Algae specimens [16] were collected off the intertidal zone of the coast of Bajamar, Tenerife, Canary Islands (28°33′15.5″ N 16°20′51.7″ W), in April 2019; transported to the laboratory; and cleaned, rinsed and dried in the dark. The algae were identified as Gongolaria abies-marina by Dr. M. Sansón (Department of Marine Botany of Universidad de La Laguna). A voucher specimen is deposited at the Herbario TFC of SEGAI-ULL under the code 11042019-3.
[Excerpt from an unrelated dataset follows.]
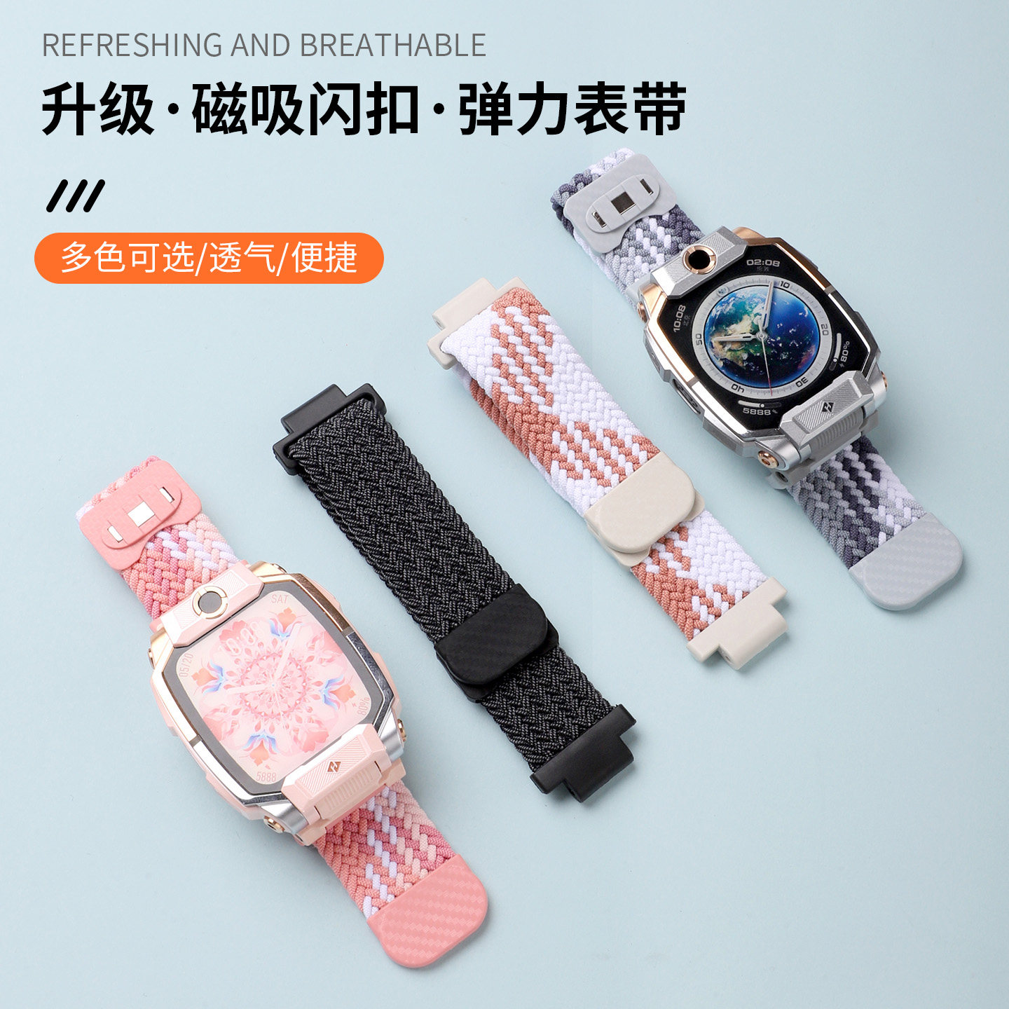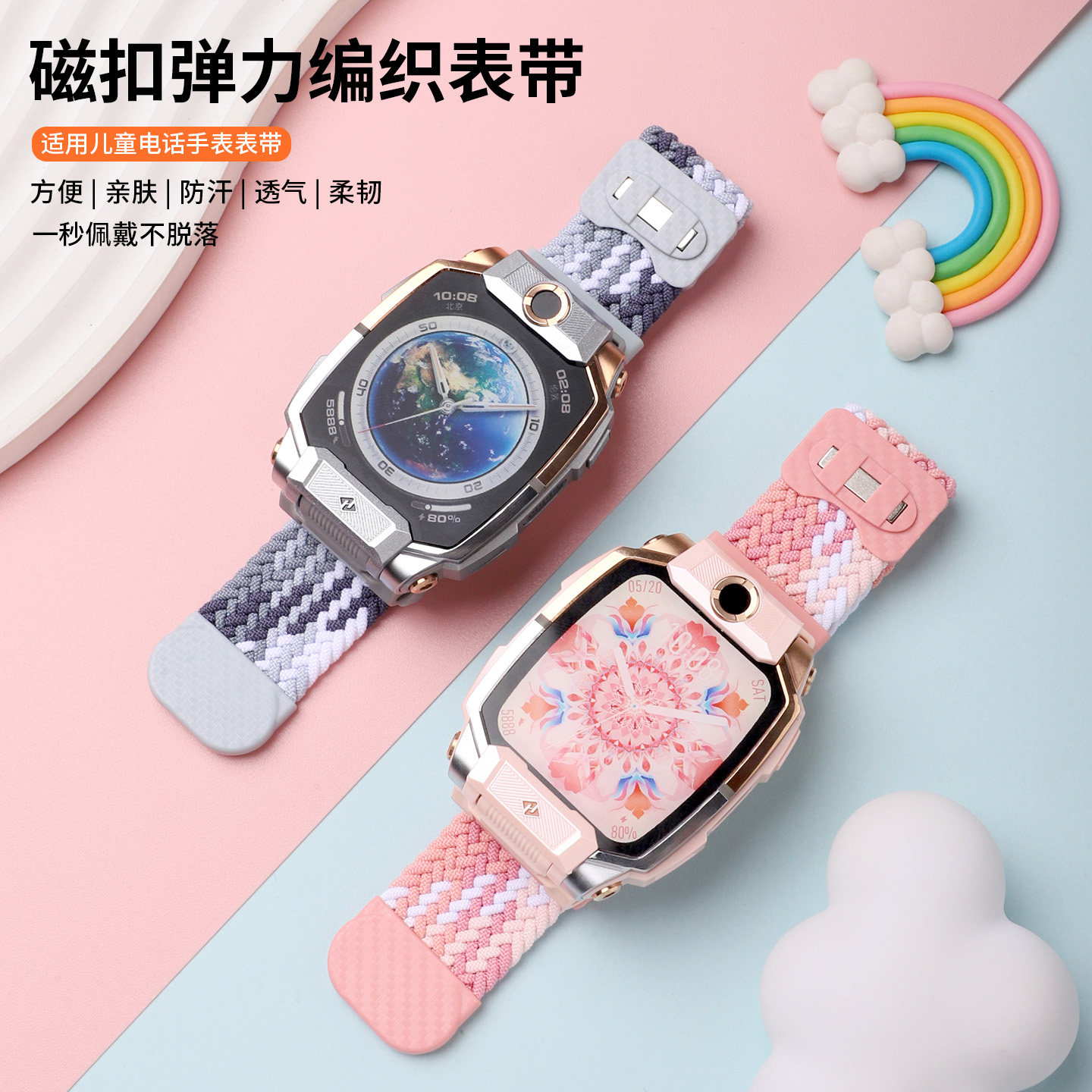 📚 适用于小天才z10表带新款编织尼龙磁吸扣腕带Z10少年版儿童电话手表保护壳替换带舒适透气夏运动男女生钢化膜

4.3. Extraction and Bio-Guided Fractionation: Isolation of Compounds 1–4

The dried algal material (233.4 g) was ground and sequentially macerated at room temperature in dichloromethane (DCM) and ethyl acetate (EtOAc) for extraction. Each solvent was renewed three times. The organic solvents were combined, filtered, and evaporated to obtain the crude extract (1.94 g). The extract was fractionated by gel filtration chromatography (Sephadex LH-20 column, n-hexane/DCM/methanol (7:2:1)) to afford fractions F1–F6. Size-exclusion chromatography in Sephadex LH-20 (n-hexane/DCM/methanol (3:1:1)) of the active fraction F6 (689 mg), followed by medium-pressure chromatography of fraction F6.4 (257.4 mg) with a Lobar LiChroprep Si 60 (40–63 μm) column (n-hexane/EtOAc (1:1)) and silica gel column (step gradient from CHCl₃/EtOAc (4:1) to 100% EtOAc) of fraction F6.4.3 (110 mg), allowed the isolation of cystomexicone B (1, 1.39 mg). The normal-phase HPLC of fraction F6.4.3-5 (51.86 mg) (Phenomenex, Luna 5 μm Silica (2) column, 100 Å, 250 × 10 mm; isocratic n-hexane/EtOAc (3:2), 10 min at 1 mL/min; gradient up to 100% EtOAc, 50 min at 2 mL/min; 100% EtOAc, 5 min, 2 mL/min) afforded the pure compounds gongolarone B (2, 1.75 mg, 34.1 min), 6Z-1′-methoxyamentadione (3, 3.10 mg, 37.1 min) and 1′-methoxyamentadione (4, 6.22 mg, 42.1 min). The physical properties and NMR data of compounds 1–4 were confirmed based on those previously reported [16,34].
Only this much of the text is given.